Reversible Photo-Responsive Hydrophobic Coating Synthesized from Lignin-Derivable Molecules on Nanocellulose Films for Packaging Applications.

Abstract

Paper-based packaging can offer a sustainable replacement for plastics. However, paper provides a poor barrier to water, oxygen and moisture. This study presents a novel renewable lignocellulosic composite made from a hydrophobic photo-reversible coating deposited onto a cellulose nanofiber film that has improved barrier properties and can be reprocessed. Diglycerol and lignin-derivable aldehyde were reacted to form a tetra-functional monomer with photo-responsive unsaturated double bonds that can be converted to covalent cyclobutane rings to create reversibly crosslinkable network upon UV-irradiation.
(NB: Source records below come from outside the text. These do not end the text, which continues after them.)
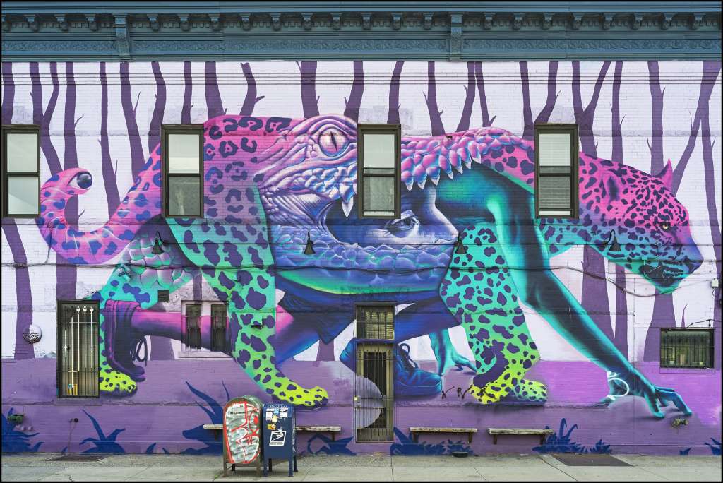 Si l’on s’attache autant à Bushwick, peut-être est-ce à cause ou grâce à la disparition de 5 Pointz du Queens, haut lieu de la culture du graff à New York qui, après 2013, avait laissé presque exsangue l’expression d’un art pourtant symbole d’une âme urbaine bien vivante. Et puisqu’un endroit remplace un autre, on n’oserait faire de constat bien amer, qui serait si réducteur, puisque Bushwick était voué à s’épanouir seul, ou à côté de son illustre voisin. C’est autant le désastre que l’essence même d’un art qui renaît, ou qui avait déjà essaimé, comme en 2012 dans ce quartier de Brooklyn avec The Bushwick Collective initié par Joseph Ficalora, car c’est bien ici qu’il y trouve un terrain si fertile.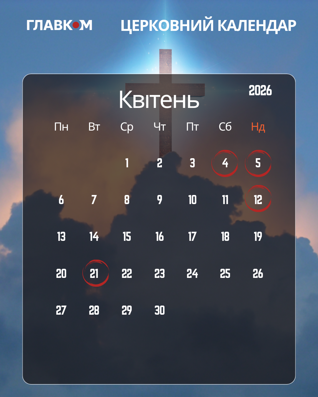 «Главком» підготував актуальний церковний календар та перелік ключових духовних подій у квітні 2026 року.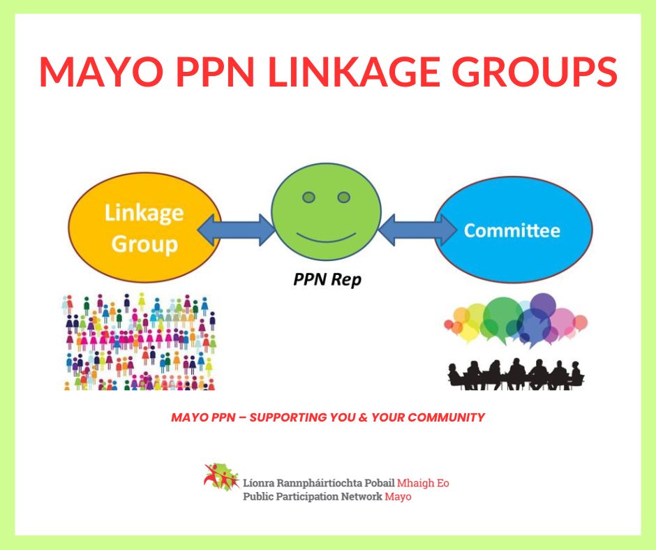 Linkage Groups are the way that Mayo PPN members have input into policy in their area of operation and operate by bringing together member organisations with a common interest to discuss their diverse views and interests in a specific policy area.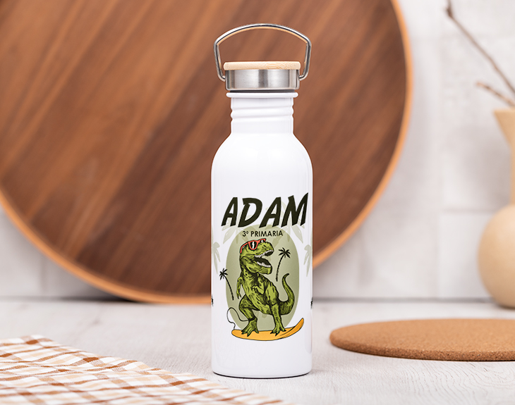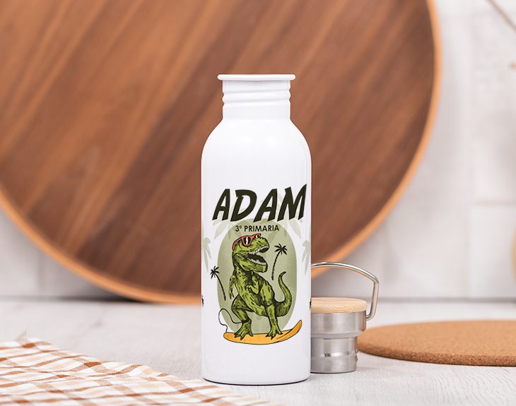 ¿No sabes que regalarle a tu peque? No dudes más y consigue la botella Forest personalizada con el dibujito de un Dinosaurio. Tu niño podrá cómodamente transportar su bebida favorita a cualquier lugar. Debido a su original diseño será la envidia de todos sus amigos. Además podrás incluir el nombre del afortunado. Despídete de tener que estar lavando a mano, ya que la botella está forjada en acero inoxidable. Tu peque tampoco necesitará estar yendo a rellenarla cada 10 minutos, ya que, cuenta con una capacidad de 750 mililitros. La podrá transportar fácilmente en su mochila o en la mano. Mide 27 centímetros. La botella incluye un tapón metálico con una anilla por si prefiere llevarla en la mano. El fondo de la botella es blanco con un dibujito de un dinosaurio surfeando la costa californiana, sobre él iría escrito el nombre, apellido o apodo. Bajo este se puede añadir en unas letras de inferior tamaño el curso o clase a la que pertenezca tu niño. Este regalo original le hará sentir especial siempre que vea su botella con su nombre puesto. ¡Será su botella favorita, le encantará! Altura de la botella: 22,5 cm. Diámetro de la base de la botella: 7,3 cm. Capacidad: 750 ml. Material: Acero inoxidable.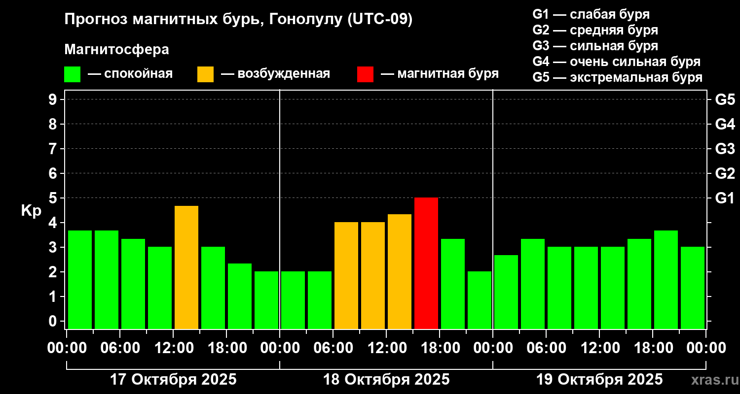 Прогноз магнитных бурь Гонолулу на 17 октября 2025 года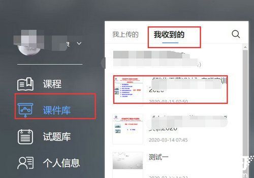 3、成功进入个人教学空间后,导航栏选择"课件库"模块。该模块细分为"我上传的"和"我收到的"两个分类标签,用户可根据课件来源切换查看权限,支持按时间排序和关键词检索功能。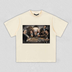 This t-shirt is a relaxed fit; true to size. We recommend sizing up if you prefer an oversized fit.

The photo-responsive compound was applied as a thin coating of thickness 2.7±0.4 μm over cellulose nanofiber (CNF) films of thickness 80±19 μm. The surface of the coated films became hydrophobic with a contact angle (CA) of 93.1±1.7° and displayed a low water vapour transmission rate (WVTR) of 16±2 g/m2/day vs. 30.7±1.5° CA and 81±11 g/m2/day WVTR for uncoated CNF films. The coated film is also oleophobic, an attractive feature for food packaging applications. The reversible photo-reaction enables the crosslinked covalent network to be broken down to unsaturated double bonds once exposed to a higher-energy UV irradiation, allowing reprocessing and recycling. The novel coating was developed using a sustainable green synthesis method (process simple E factor 0.9).